ParameterRequiredTypeDescription
dissndarray / DataFrameSquare n × n distance matrix. Must be symmetric, nonnegative, with zero diagonal and no NA.
medoid_indicesarray-likeLength K. Row indices of the K representatives in diss (0-based).
d_maxfloat / NoneNormalizing maximum distance. If None, computed with max_distance(diss).
idslist / Index / NoneRow index for the output DataFrame when as_dataframe=True.
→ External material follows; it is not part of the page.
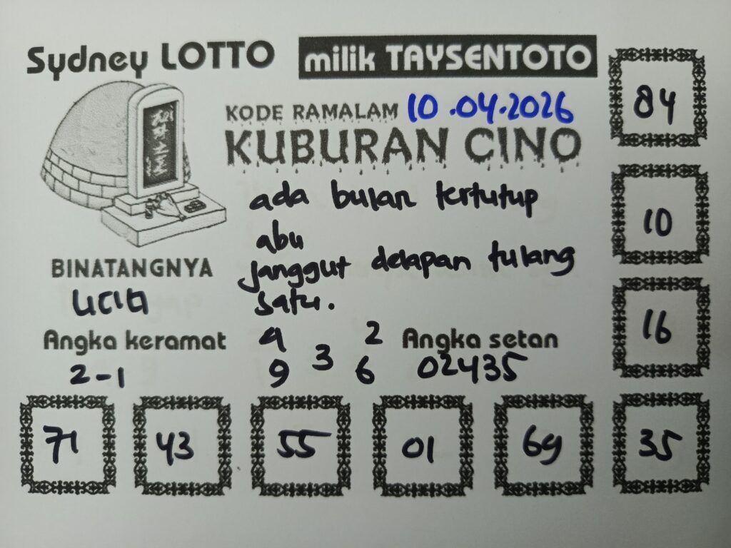 Syair Kuburan Cino Sydney Hari ini Jumat, 10 April 2026
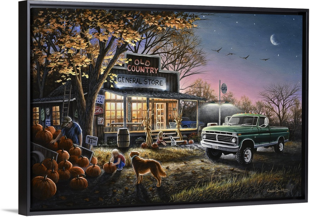 <p>Contemporary painting of an old general store at night with people picking pumpkins out front.</p>

If diss is a DataFrame and ids is None, the DataFrame index is used.
as_dataframeboolIf True, return a DataFrame; otherwise a NumPy array.
representative_nameslist / NoneOptional length-K column names. Default: R_1, R_2, …

What It Returns

np.ndarray of shape (n, K) or pd.DataFrame when as_dataframe=True.

Column / valueDescription
R_j or custom nameRepresentativeness of sequence i to representative j.
RangeValues in [0, 1] after clipping as a numerical safeguard; when d_max is the maximum pairwise distance, the formula already lies in this range. 1 = same row as the medoid; 0 = at or beyond d_max from that medoid.

Representativeness values do not sum to 1 across columns. A sequence can be highly represented by more than one medoid, or poorly represented by all medoids.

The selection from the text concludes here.